E allora ogni tanto sembra spostarsi più a destra come nel patriottico e semplicistico American Sniper, oppure più a sinistra quando racconta il desiderio di fare la cosa giusta a prescindere dalle buone regole, imposte dalle istituzioni, come in Sully.
In questo nuovo film Ore 15:17 – Attacco al treno, sceglie di mettere in scena la storia vera di tre amici di Sacramento, in viaggio alla scoperta dell’Europa, capaci di sventare un attentato terroristico sul treno da Amsterdam a Parigi, il 21 agosto 2015.
Due dei tre sono soldati di stanza nel Vecchio Continente, Spencer e Alek, un terzo, Anthony, è invece arrivato dagli Stati Uniti, apposta per passare una vacanza indimenticabile, con gli amici d’infanzia.
I tre ragazzi sono i protagonisti anche del film.

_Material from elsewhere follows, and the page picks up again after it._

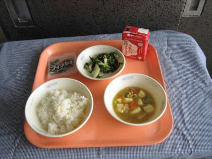 麦ごはん・牛乳・和風カレーどうふ・ほうれん草とはくさいのごま煮・じゃこ
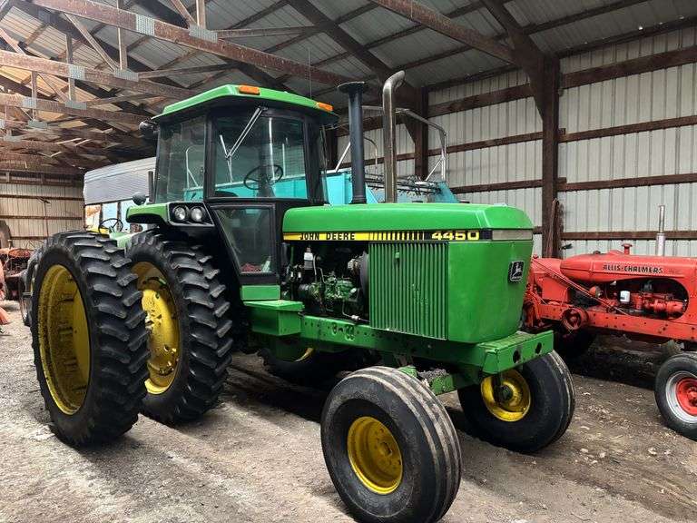 John Deere 4450 diesel tractor cab, heat & air, wide front, 2566 hours, 3 pt, Quick Hitch, power shift 15 speed, 540/1000 PTO, 14.9×46 good rear rubber, hub duals,

Eastwood ha scelto di affidare a loro i ruoli principali del suo film.
È una scelta non nuova nella storia del cinema, ma piuttosto inconsueta all’interno dell’industria americana, dove il professionismo impera.
La sceneggiatura di Dorothy Blyskal è tratta dal libro che i tre hanno scritto per raccontare la loro storia.

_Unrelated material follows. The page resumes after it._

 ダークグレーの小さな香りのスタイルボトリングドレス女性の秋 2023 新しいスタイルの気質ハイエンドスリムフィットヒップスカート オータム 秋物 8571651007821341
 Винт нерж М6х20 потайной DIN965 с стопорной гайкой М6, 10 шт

Il film però non è un thriller sul treno, ma grazie a lunghi flashback, racconta l’incontro dei tre alle scuole medie cattoliche, la loro amicizia, la separazione dovuta alle diverse scelte delle loro famiglie.

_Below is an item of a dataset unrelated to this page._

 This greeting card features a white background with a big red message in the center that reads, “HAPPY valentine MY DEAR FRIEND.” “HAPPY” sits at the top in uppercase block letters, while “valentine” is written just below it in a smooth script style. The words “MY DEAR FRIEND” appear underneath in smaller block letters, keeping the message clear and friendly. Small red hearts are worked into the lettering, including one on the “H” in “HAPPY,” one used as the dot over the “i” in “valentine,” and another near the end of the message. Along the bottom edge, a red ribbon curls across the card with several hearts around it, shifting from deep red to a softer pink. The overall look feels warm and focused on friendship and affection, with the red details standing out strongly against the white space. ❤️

Seguiamo in particolare Spencer nel suo tentativo di arruolarsi negli aviotrasportati, i suoi sacrifici, i fallimenti.
E poi seguiamo i tre nelle tappe del loro viaggio europeo. Prima Roma, quindi Venezia, Berlino, Amsterdam.
L’attacco al treno occupa solo l’ultimo quarto di un film breve, lineare, che cerca di evitare la retorica, in nome di un minimalismo assoluto.
Eastwood prosciuga ancora il suo stile, sceglie la semplicità più radicale, che fin dalla scelta di un gruppo di non-attori spinge il suo film verso un’essenzialità che forse non farà contento il suo pubblico, ma che invece racconta bene la sua idea di cinema.
Non siamo di fronte ad uno dei suoi film migliori, questo va riconosciuto: la sceneggiatura ha qualche buco, qualche caduta di tono, cerca di costruire attorno ai protagonisti una storia che forse va cercata più nelle pieghe del racconto che non nel suo sviluppo esplicito.
Eppure Eastwood, come accade spesso nel suo cinema, disattende ogni premessa e ogni illusione.
Il romanticismo, con cui Spencer e Alek immaginano la guerra e la vita del soldato, si scontra con una realtà tutta diversa: il primo scartato dalla burocrazia e costretto a imparare a cucire e fare l’infermiere, come addestramento alla sopravvivenza, il secondo da solo in Afghanistan a chattare via skype con gli amici lontani, isolato in un posto di cui non frega più niente a nessuno, perché il nemico ora è cambiato ed ha le forme sfuggenti dell’ISIS.
Non c’è più un territorio da conquistare, un campo su cui misurarsi, un obiettivo a cui dedicare il proprio coraggio. Come gli dice una guida turistica a Berlino, sarebbe ora di finirla anche di raccontare la Storia dal punto di vista del pensiero dominante americano.
È appunto nelle pieghe di questo Ore 15:17 che il cinema di Eastwood si manifesta più chiaramente e la storia semplice e lineare non è davvero così diretta, come sembrava all’inizio.
Anche nel finale all’Eliseo, con il vero Francois Hollande, la malinconia e l’anti-retorica prevalgono sulla celebrazione, in un film lontanissimo da ogni cinismo, che continua ad interrogarsi sulla natura umana, sui suoi motivi, sui sentimenti che la muovono.